Точно так же голод и жажда на пищу и питье психологически будут всегда сильнее, будут нести в себе больше грубой психологической силы, чем голод и жажда на справедливость. Чем возвышенней деятельность организма, тем она слабей, неустойчивей, не продуктивней. Вегетативные функции отказывают реже сенситивных. Как утверждают биологи, быстрее и легче вид утрачивает именно те функции, которые приобретены позднее, то есть функции более сложные и более высокого порядка. Иными словами, то, что дорого стоит, всегда подвергается большей опасности. Во власти конфликта, депрессии или страсти мы всегда готовы потерять разум. Словом, наш разум держится на булавке. Или иными словами, самый разумный разумен только… временами. То же можно сказать о нравственном чувстве и художественном вкусе. По самой своей природе высшее в человеке менее действенно, чем низшее, менее твердо, менее обязательно. С этой идеей следует подходить к пониманию всеобщей истории. Чтобы осуществиться в истории, высшее должно дожидаться, пока низшее освободит ему пространство и предоставит случаи. Иными словами, низшее ответственно за реализацию высшего: оно наделяет его своей слепой, но несравненной силой. Поэтому разум смирив гордыню, должен принимать во внимание, пестовать иррациональные способности. Идея не в силах противостоять инстинкту; ей следует не торопясь, осторожно приручать, завоевывать, зачаровывать его — в отличие от Геркулеса не кулаками, которых у нее нет, а подобно Орфею, обольщавшему зверей, — волшебной музыкой. Идея… женского рода и пользуется извечной тактикой женщин, которые в отличие от мужчин во идут напролом, а утверждаются исподволь, создавая особую атмосферу. Женщина действует через мягкое внешнее бездействие, терпеливо уступая; как говорил Геббель: «Для нее действовать значит страдать». Так же и идея. Греки допустили серьезную ошибку, полагая, что идея осуществляется только благодаря своей ясности и через нее, что Логос, что слово само по себе просто так становится плотью. За пределами религии — это магическое верование, а историческая действительность, к несчастью или счастью, не магия.

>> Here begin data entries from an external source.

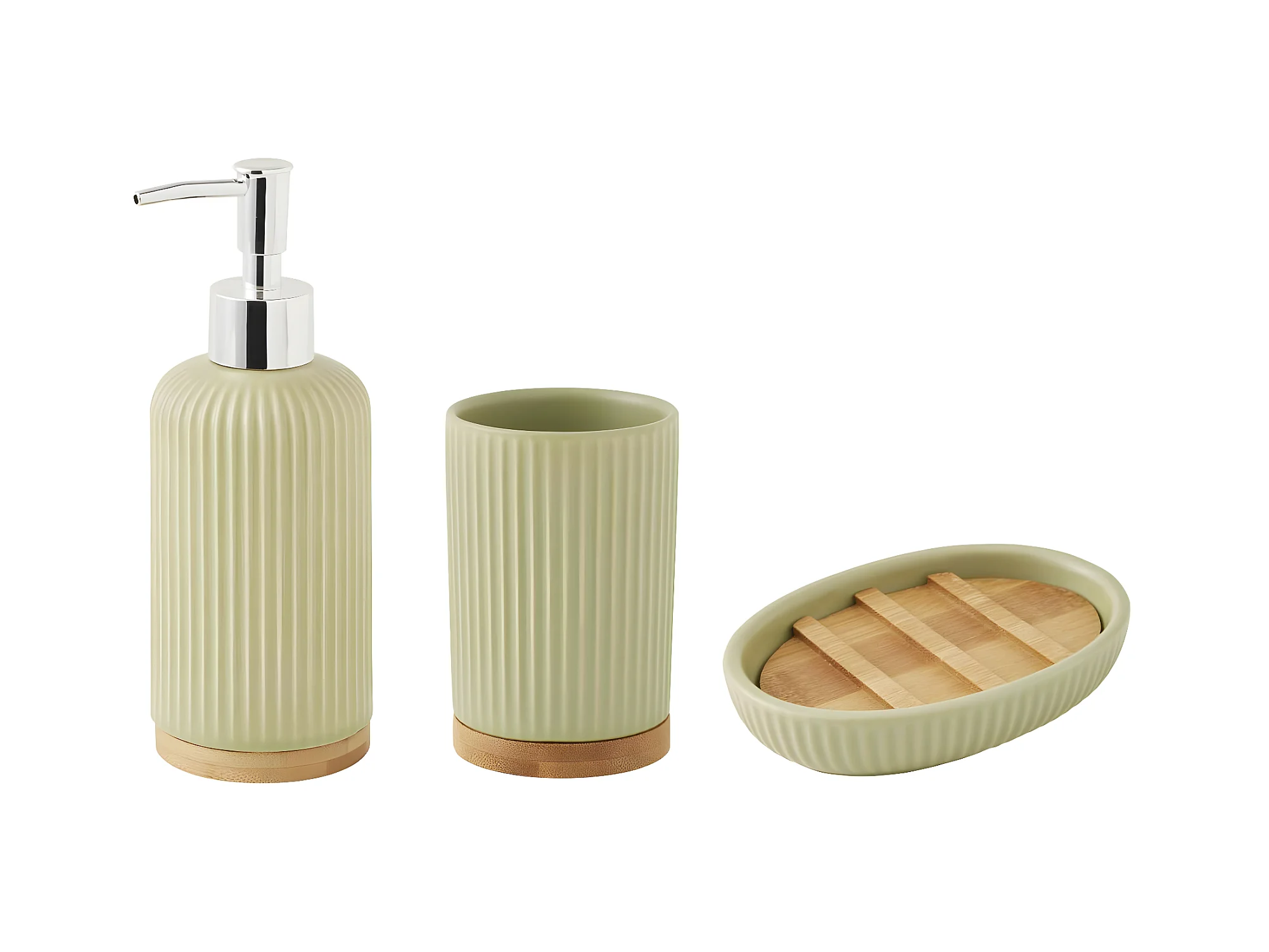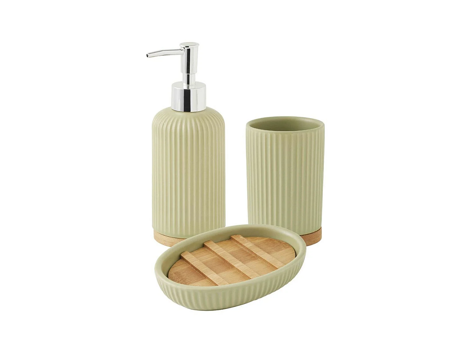 Set de 3 Accessoires Salle de Bain "Vita" 19cm Sauge
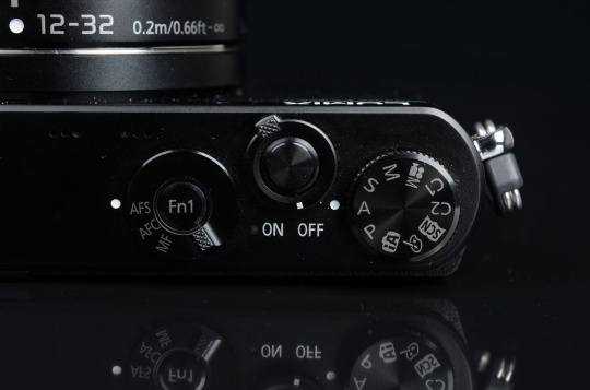由于DMC-GM1主打精致小巧,机身并没有太多的空间配备各种拨盘,正面除了对焦辅助灯(自拍指示灯)和镜头释放按钮,并没有特别的设计,非常简洁。
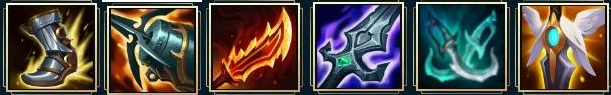 六神装:攻速鞋+海妖杀手+鬼索的狂暴之刃+破败王者之刃+幻影之舞+复活甲
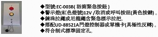 用於需緊急呼叫場所如浴廁或銀行櫃台等。
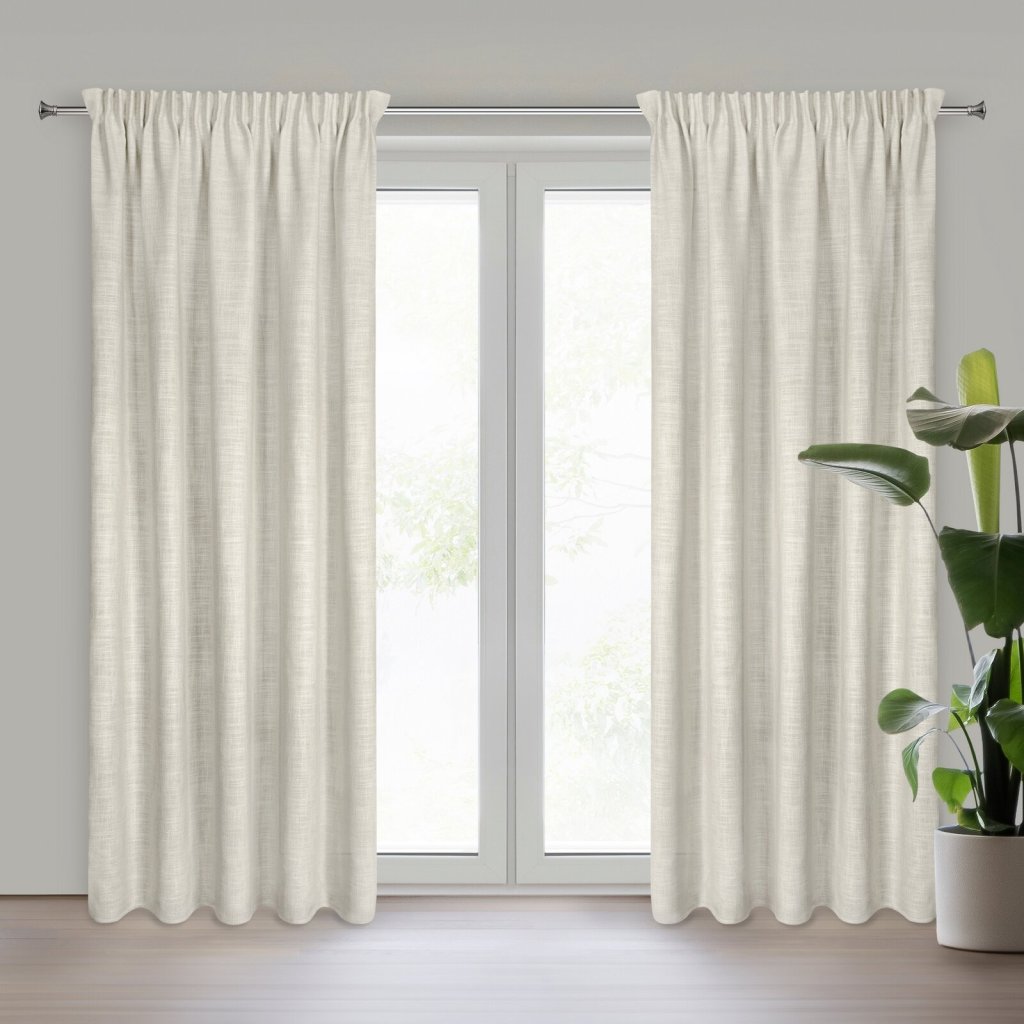 Závěs v eko stylu, s přídavkem lnu s jemným leskem, šířka: 140 cm, délka: 270 cm, barva: tmavě béžová, gramáž: 180 GSM, složení: 95% polyester, 5% len.Doplňkové parametry
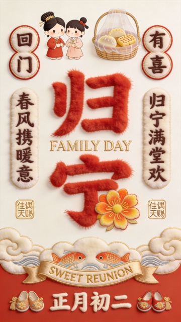 国潮风刺绣质感,毛发生长字体呈现“归宁”,融合卡通人物与传统元素,喜庆中式氛围浓厚,正月初二团圆主题鲜明。

Вот в силу каких причин, которые мы пока едва затронули, я советую новичку в философии не слишком принимать ее всерьез, пусть лучше он подходит к пей в том же расположении духа, в котором занимается спортом или предается игре. По сравнению с самой жизнью, теория — игра, в ней нет ничего пугающего, тяжелого, серьезного.»… Человек же, как мм говорили раньше, это какая-то выдуманная игрушка Бога, и по существу это стало наилучшим его назначением. Этому-то и надо следовать: каждый мужчина и каждая женщина пусть проводят свою жизнь, играя в прекраснейшие игры, хотя это и противоречит тому, что теперь принято».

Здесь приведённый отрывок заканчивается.